__EXERCISE DETAILS__.
Among the entries below, one line contains "W dniu dzisiejszym" and another contains "洞窟のようなルーフと屋根に腰". Transcribe those two lines and every line between them, exactly.

__RECORD SET__.

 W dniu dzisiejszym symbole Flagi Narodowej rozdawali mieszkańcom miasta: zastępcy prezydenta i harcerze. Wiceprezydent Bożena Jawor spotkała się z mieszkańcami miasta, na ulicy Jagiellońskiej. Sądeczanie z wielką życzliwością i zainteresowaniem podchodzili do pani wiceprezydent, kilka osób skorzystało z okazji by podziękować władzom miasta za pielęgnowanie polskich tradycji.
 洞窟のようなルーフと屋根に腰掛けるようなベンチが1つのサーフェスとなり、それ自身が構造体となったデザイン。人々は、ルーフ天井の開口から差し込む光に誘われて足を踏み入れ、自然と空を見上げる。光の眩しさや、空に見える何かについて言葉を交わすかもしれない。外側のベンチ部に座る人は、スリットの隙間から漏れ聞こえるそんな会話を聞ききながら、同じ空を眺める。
---
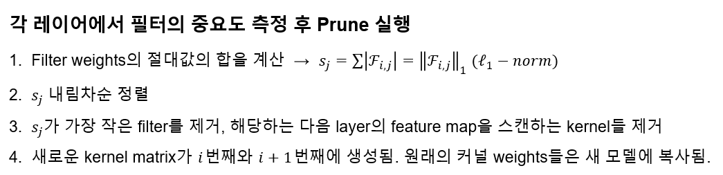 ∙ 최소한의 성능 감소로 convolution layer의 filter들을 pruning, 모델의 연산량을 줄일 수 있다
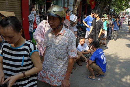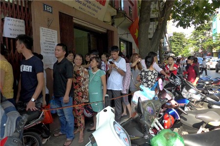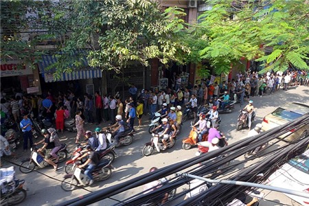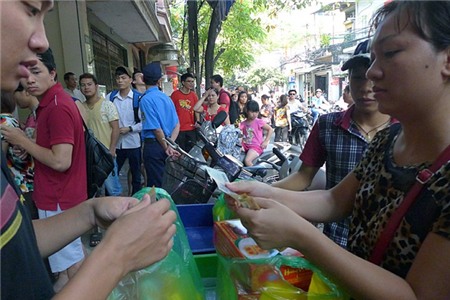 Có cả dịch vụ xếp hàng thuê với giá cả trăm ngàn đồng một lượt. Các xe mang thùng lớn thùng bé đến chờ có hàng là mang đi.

__RESULT OF THE EXERCISE__.
 W dniu dzisiejszym symbole Flagi Narodowej rozdawali mieszkańcom miasta: zastępcy prezydenta i harcerze. Wiceprezydent Bożena Jawor spotkała się z mieszkańcami miasta, na ulicy Jagiellońskiej. Sądeczanie z wielką życzliwością i zainteresowaniem podchodzili do pani wiceprezydent, kilka osób skorzystało z okazji by podziękować władzom miasta za pielęgnowanie polskich tradycji.
 洞窟のようなルーフと屋根に腰掛けるようなベンチが1つのサーフェスとなり、それ自身が構造体となったデザイン。人々は、ルーフ天井の開口から差し込む光に誘われて足を踏み入れ、自然と空を見上げる。光の眩しさや、空に見える何かについて言葉を交わすかもしれない。外側のベンチ部に座る人は、スリットの隙間から漏れ聞こえるそんな会話を聞ききながら、同じ空を眺める。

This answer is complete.